Exercise material Block Start
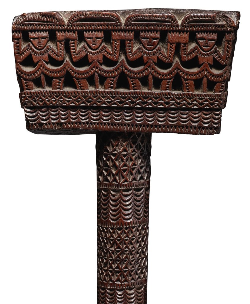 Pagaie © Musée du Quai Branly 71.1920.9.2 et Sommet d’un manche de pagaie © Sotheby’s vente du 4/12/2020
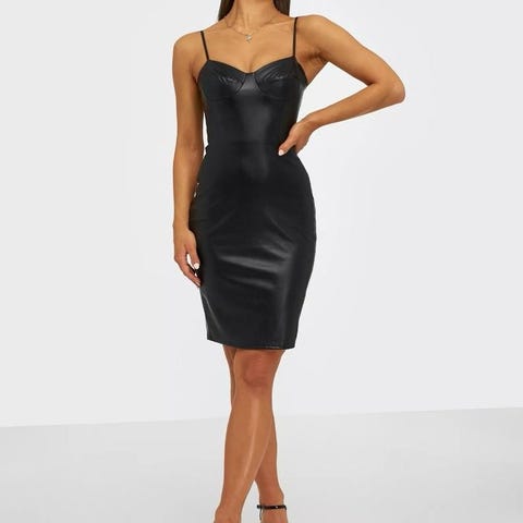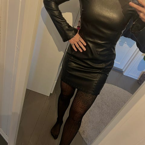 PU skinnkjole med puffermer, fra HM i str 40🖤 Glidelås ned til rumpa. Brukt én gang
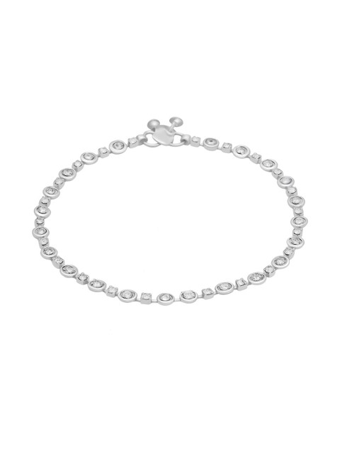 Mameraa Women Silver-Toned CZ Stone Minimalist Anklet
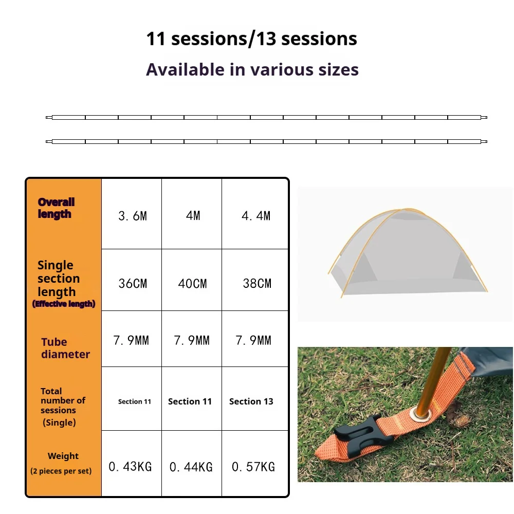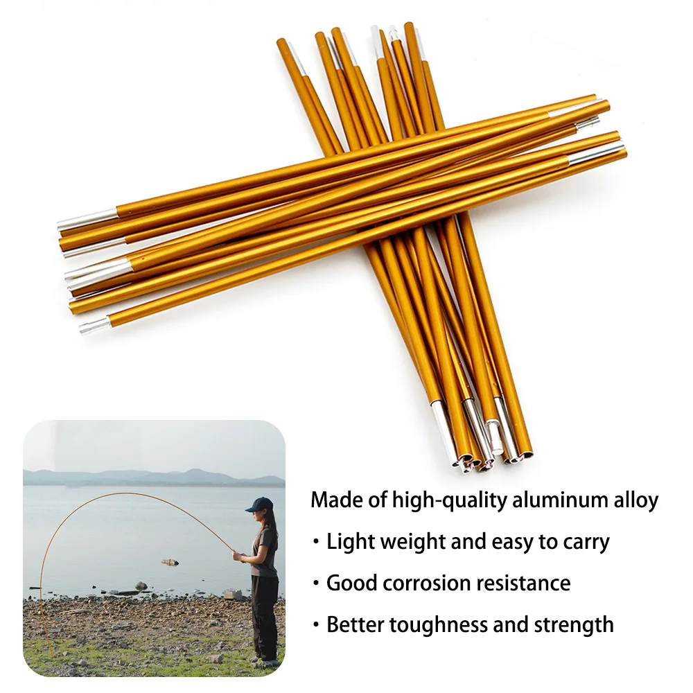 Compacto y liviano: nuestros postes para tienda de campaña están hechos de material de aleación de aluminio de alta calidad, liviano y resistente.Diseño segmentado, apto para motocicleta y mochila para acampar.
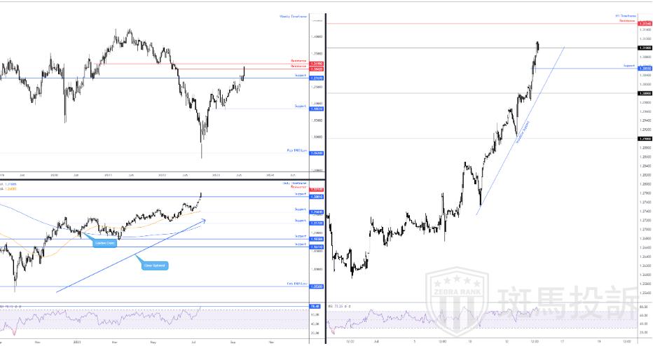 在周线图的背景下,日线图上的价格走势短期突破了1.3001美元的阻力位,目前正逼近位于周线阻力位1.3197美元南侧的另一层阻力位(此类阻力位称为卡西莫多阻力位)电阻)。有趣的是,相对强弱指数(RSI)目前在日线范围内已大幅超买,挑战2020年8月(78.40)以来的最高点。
Exercise material Block End
**Task prompt**:
Give the entries above again, exactly as written and free of images.

**Reply to the task**:
 Pagaie © Musée du Quai Branly 71.1920.9.2 et Sommet d’un manche de pagaie © Sotheby’s vente du 4/12/2020
 PU skinnkjole med puffermer, fra HM i str 40🖤 Glidelås ned til rumpa. Brukt én gang
 Mameraa Women Silver-Toned CZ Stone Minimalist Anklet
 Compacto y liviano: nuestros postes para tienda de campaña están hechos de material de aleación de aluminio de alta calidad, liviano y resistente.Diseño segmentado, apto para motocicleta y mochila para acampar.
 在周线图的背景下,日线图上的价格走势短期突破了1.3001美元的阻力位,目前正逼近位于周线阻力位1.3197美元南侧的另一层阻力位(此类阻力位称为卡西莫多阻力位)电阻)。有趣的是,相对强弱指数(RSI)目前在日线范围内已大幅超买,挑战2020年8月(78.40)以来的最高点。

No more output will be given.